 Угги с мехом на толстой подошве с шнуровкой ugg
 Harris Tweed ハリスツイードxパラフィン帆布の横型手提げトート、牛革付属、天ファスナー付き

========================================================================

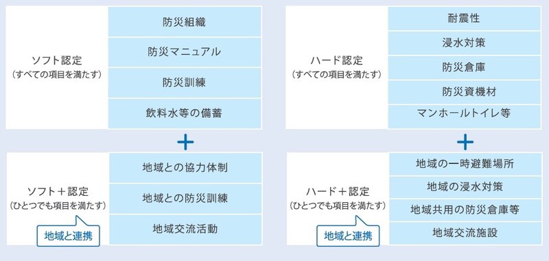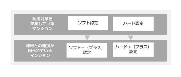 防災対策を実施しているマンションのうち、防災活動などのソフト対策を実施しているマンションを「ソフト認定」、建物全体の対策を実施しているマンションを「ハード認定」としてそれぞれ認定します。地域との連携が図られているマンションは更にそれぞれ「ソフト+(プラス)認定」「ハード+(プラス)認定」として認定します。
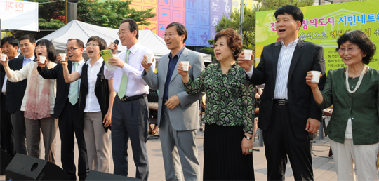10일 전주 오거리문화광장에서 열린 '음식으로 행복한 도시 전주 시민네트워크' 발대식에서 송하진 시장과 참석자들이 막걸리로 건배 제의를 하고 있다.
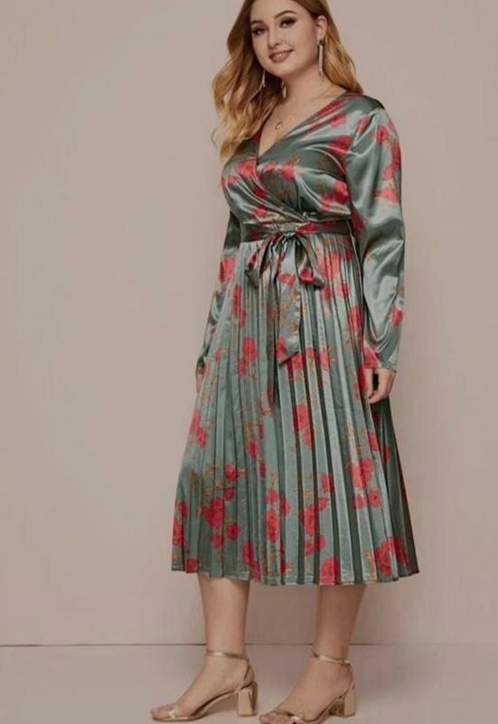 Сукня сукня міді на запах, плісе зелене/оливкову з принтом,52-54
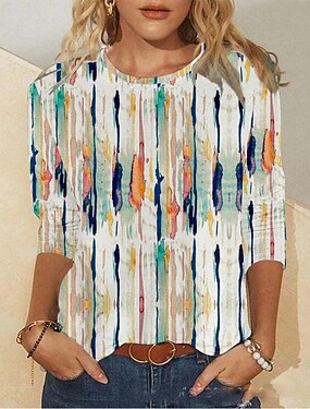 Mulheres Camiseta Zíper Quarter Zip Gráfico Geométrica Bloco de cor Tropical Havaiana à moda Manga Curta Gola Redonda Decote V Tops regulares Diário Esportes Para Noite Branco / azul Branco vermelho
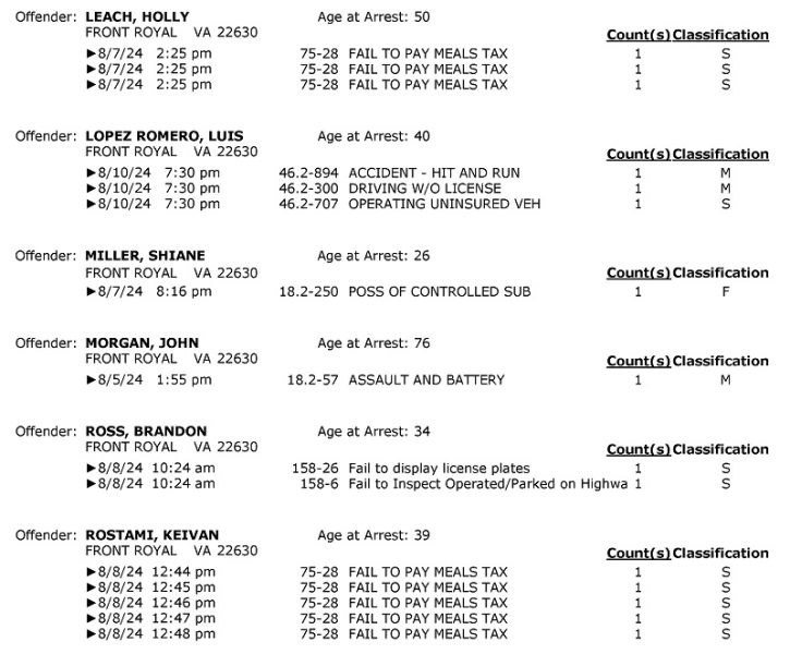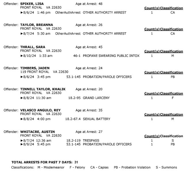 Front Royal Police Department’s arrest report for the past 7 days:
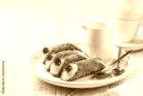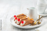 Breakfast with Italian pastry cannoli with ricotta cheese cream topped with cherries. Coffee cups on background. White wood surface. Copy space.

========================================================================

Activity:
Every line from the line containing "Угги с мехом" through the line containing "Harris Tweed ハリスツイードxパラフィン帆布の横型手提げトート、牛革付属、天ファスナー付き" in the records above must be retyped exactly. Leave out the rest.

Written solution:
 Угги с мехом на толстой подошве с шнуровкой ugg
 Harris Tweed ハリスツイードxパラフィン帆布の横型手提げトート、牛革付属、天ファスナー付き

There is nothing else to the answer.